Challenges we ran into
We spent a lot of effort trying to clean up the data from Marquee, as there are missing dates in the data set. The annoying part is that many of the stocks have missing data on different dates (probably because they were suspended trading? We did not look into the details of this). We attempted to carefully select the range of date request to minimize missing data, and also try to build complex calculations to find an accurate covariance matrix by obtaining covariance pair by pair. To account for missing dates we used a linear interpolation between known dates. This may affect the creditability of our neural network predictions because essentially information from the future is obtained through the interpolation. However, this has been a very rewarding and fruitful experience to every member in trying to gather data ourselves and incorporate it to given data, then construct and fit a neural network.
Accomplishments that we're proud of
We learnt how to deal with the Marquee API and the GDELT API within a short period of time. Our undergraduate learnt a lot in using selenium to scrape data off the web, which is a very essential step in data collecting for further analysis. We are also proud to apply machine learning techniques including PCA and NN to analyze data we scraped ourselves and insightful GS indicators. This preliminary investigation sparked our curiosity in applying what we learnt from our research into industrial applications.
What we learned
Always have good time management and do not invest too much time into a certain aspect of the project. Lots of technical skills including selenium scraping, API interactions, data cleaning, applying machine learning techniques to real-world data.
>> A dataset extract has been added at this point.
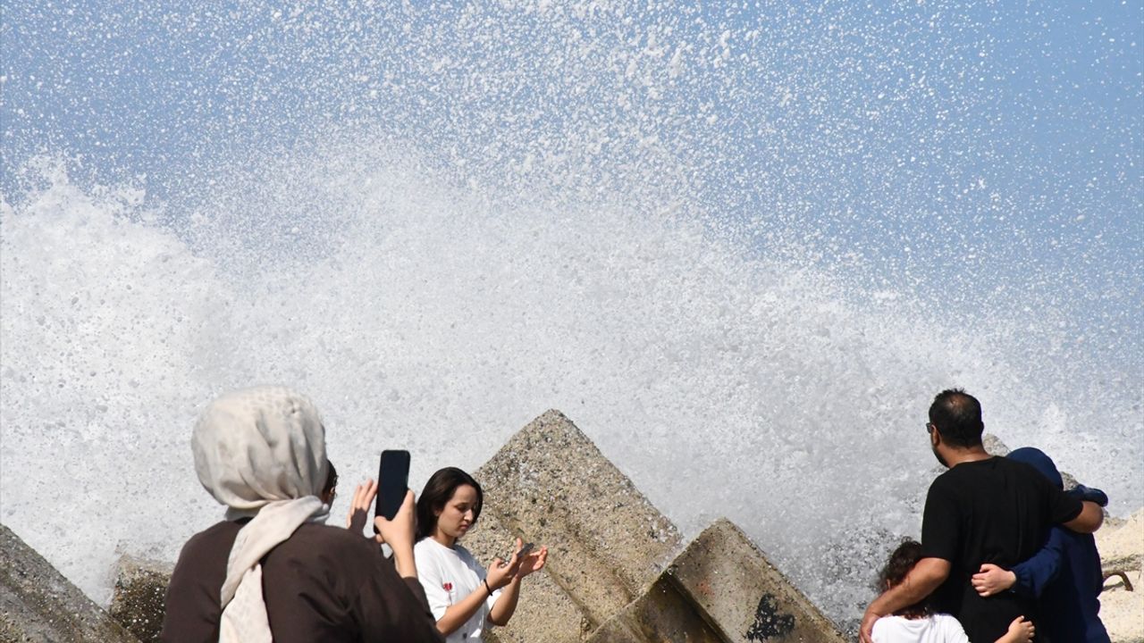 Kuvvetli rüzgar nedeniyle denizde dalga boyu yaklaşık 3 metreye yükseldi. Dalgalar, zaman zaman kıyı şeridindeki dalgakıranları aştı.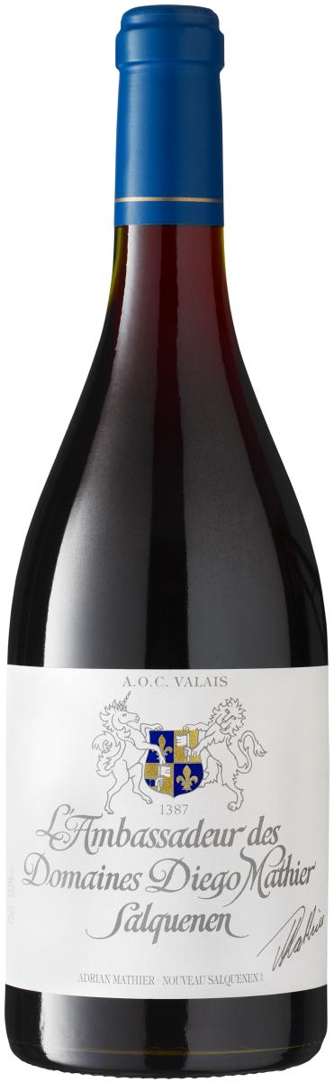 L'Ambassadeur des Domaines Diego Mathier rouge est incontestablement le vin phare du meilleur vigneron suisse de la décennie et la fierté de la famille Diego Mathier. Le palmarès de ce vin rouge monovariétal le distingue comme le pinot noir suisse et valaisan le plus réussi. Une année tardive et humide a caractérisé ce millésime avec une petite récolte en termes de quantité mais remarquable en termes de qualité. La couleur, un rouge rubis brillant, correspond à la réputation de notre ambassadeur. Le nez encore un peu réservé s'ouvre sur des notes fruitées qui sont bien accompagnées par l'élégance du vieillissement en barrique. En bouche, il a un caractère fort et beaucoup de structure, souligné par une acidité et une longueur fraîches.

To enhance the creditability of our investigation, we should work on getting data without the interpolation, such that we are not getting future data indirectly. This can be done by carefully selecting stocks that have maximal overlaps in trading days. We will try to help our undergraduate partner finish scraping data off twitter, as it will be immensely helpful to his possible endeavor in data science, This analysis can be repeated on multiple stocks and see if such predictions will also work. It will also be very interesting to investigate how to get back stock price from the GS indicators, such that we are actually predicting the future stock price from previous data.
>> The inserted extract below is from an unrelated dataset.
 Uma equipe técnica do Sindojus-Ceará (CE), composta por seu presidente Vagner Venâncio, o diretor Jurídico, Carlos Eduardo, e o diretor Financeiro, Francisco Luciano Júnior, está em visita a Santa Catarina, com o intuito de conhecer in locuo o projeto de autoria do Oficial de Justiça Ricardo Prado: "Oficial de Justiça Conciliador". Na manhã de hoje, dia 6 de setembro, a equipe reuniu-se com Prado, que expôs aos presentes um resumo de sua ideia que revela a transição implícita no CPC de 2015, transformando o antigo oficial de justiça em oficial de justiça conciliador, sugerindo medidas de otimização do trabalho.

The data that we used in our ML is very limited due to insufficient time and computing resources. We tried to do analysis on Google Cloud Platform to leverage its high computational power, but have not succeeded. GCP will allow us to analyse information up to several days / weeks before a day, do sentiment analysis on contents on even more platforms, and come up with better predictions. If we actually came up with a workable analysis that reliably predicts stock price, automatic trading will definitely be an interesting thing to attempt.